Interne Dienst voor Preventie en Bescherming op het Werk


43632

Principe

Elke werkgever is verplicht een interne dienst voor preventie en bescherming op het werk (IDPBW) in te richten.

Deze dienst moet de werkgever, de leden van de hiërarchische lijn en de werknemers bijstaan bij de toepassing van de regelgeving inzake het welzijn van de werknemers. Het gaat hier om de eerste-lijnspreventie, waarbij gestreefd wordt naar een multidisciplinaire benadering van de problemen.

Uitzondering : Gemeenschappelijke dienst voor meerdere werkgevers

De Koning kan de voorwaarden en de nadere regelen bepalen volgens welke een werkgever of een groep van werkgevers toegestaan kan worden een gemeenschappelijke Dienst voor Preventie en Bescherming op het werk op te richten.

Het KB van 27 oktober 2009 legt de voorwaarden vast voor de creatie van dergelijke gemeenschappelijke dienst.

Voorwaarden

Een werkgever of groep van werkgevers, kan toegelaten worden een gemeenschappelijke interne dienst op te richten voor zover de volgende voorwaarden zijn vervuld:

1° er bestaat een juridische, economische, geografische of technische band tussen de betrokken werkgevers;

2° de gemeenschappelijke interne dienst biedt ten opzichte van de afzonderlijke interne diensten van de betrokken werkgevers één of meerdere voordelen. Deze voordelen betreffen inzonderheid :

  • er is een groter aantal preventieadviseurs aanwezig;
  • er is een groter aantal disciplines vertegenwoordigd;
  • er is een hoger niveau van aanvullende vorming aanwezig;
  • er is meer tijd beschikbaar om te besteden aan preventietaken;
  • er worden meer middelen ter beschikking gesteld;

3° een planning van de organisatie van de gemeenschappelijke interne dienst is uitgewerkt,

4° er bestaat een voorafgaand akkoord tussen de betrokken werkgevers ingeval ze :

  • de opname wensen in de gemeenschappelijke interne dienst van een bestaand departement belast met het medisch toezicht;
  • een beroep wensen te doen op de deskundigheden ergonomie, bedrijfshygiëne of psychosociale aspecten van de arbeid, waarvoor werknemers van één of meerdere betrokken werkgevers een vorming bezitten

5° de voorafgaande adviezen van de betrokken comités zijn gevraagd met betrekking tot de oprichting van een gemeenschappelijke interne dienst en de prestatieduur van de preventieadviseurs.

Procedure voor de aanvraag tot oprichting van een gemeenschappelijke interne dienst

De aanvrager vult het formulier in dat als bijlage bij het KB van 27 oktober 2009 is gevoegd.
Hij maakt dit formulier, evenals de erbij horende stukken, over aan de Algemene directie HUA.

De Algemene directie HUA gaat na of de aanvraag volledig is en zendt deze vervolgens voor onderzoek en advies naar de Algemene directie TWW.

Deze houdt bij het geven van haar advies in het bijzonder rekening met :

  1. het aantal voorziene preventieadviseurs, hun niveau van aanvullende vorming evenals de tijd die voorgesteld wordt om te besteden aan preventietaken;
  2. het niveau van aanvullende vorming van de preventieadviseur belast met de leiding van de gemeenschappelijke interne dienst en de tijd die voorgesteld wordt om te besteden aan preventietaken;
  3. in voorkomend geval, het aantal contactpersonen tussen de gemeenschappelijke interne dienst en de betrokken werkgevers.

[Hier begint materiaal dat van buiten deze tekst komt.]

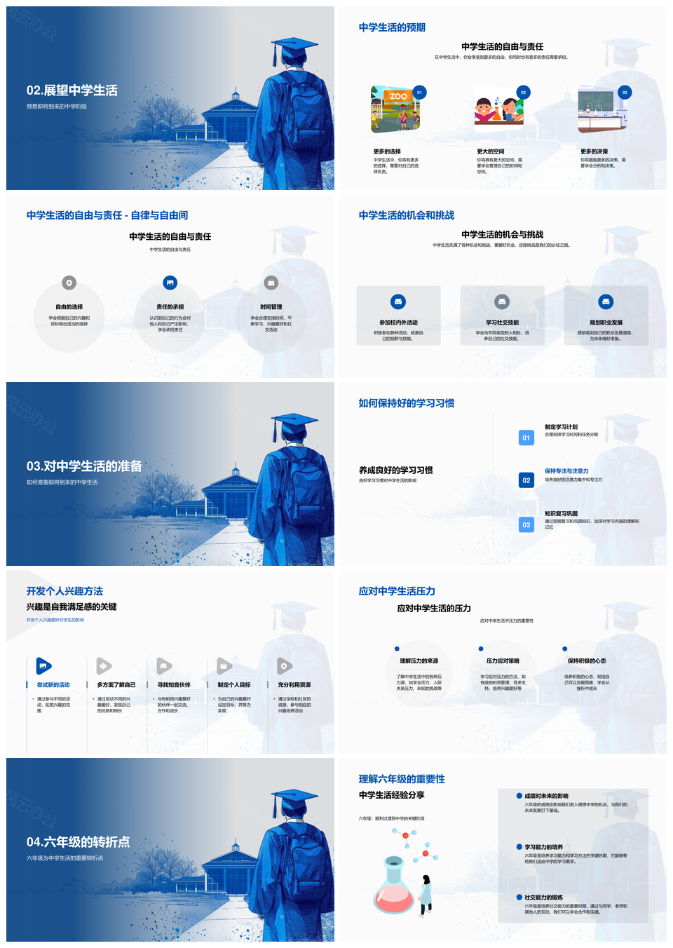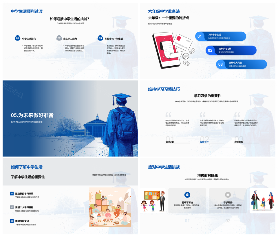 六年级学生中学适应学习习惯兴趣压力应对PPT模板推荐

In geval van gunstig advies van de Algemene directie TWW maakt de Algemene directie HUA een ontwerp van ministerieel besluit houdende toelating tot het oprichten van een gemeenschappelijke interne dienst over aan de Minister.

In geval van ongunstig advies van de Algemene directie TWW brengt de Algemene directie HUA de Minister hiervan op de hoogte.

De Minister beslist de toelating tot oprichting van een gemeenschappelijke interne dienst al dan niet te geven. Hij verleent de toelating bij wege van ministerieel besluit.

Dit ministerieel besluit kan, in voorkomend geval, bijkomende voorwaarden opleggen.

In geval van weigering tot oprichting van een gemeenschappelijke interne dienst, motiveert de Minister zijn beslissing en wordt deze bij aangetekend schrijven ter kennis gebracht van de aanvrager.

Reeds bestaande gemeenschappelijke diensten

De machtigingsbesluiten tot oprichting van een gemeenschappelijke interne dienst die voorheen werden genomen voor de inwerkingtreding van dit besluit, blijven rechtsgeldig mits naleving van de erin vermelde voorwaarden.

In werkingtreding

Het besluit treedt in werking op 26 november 2009.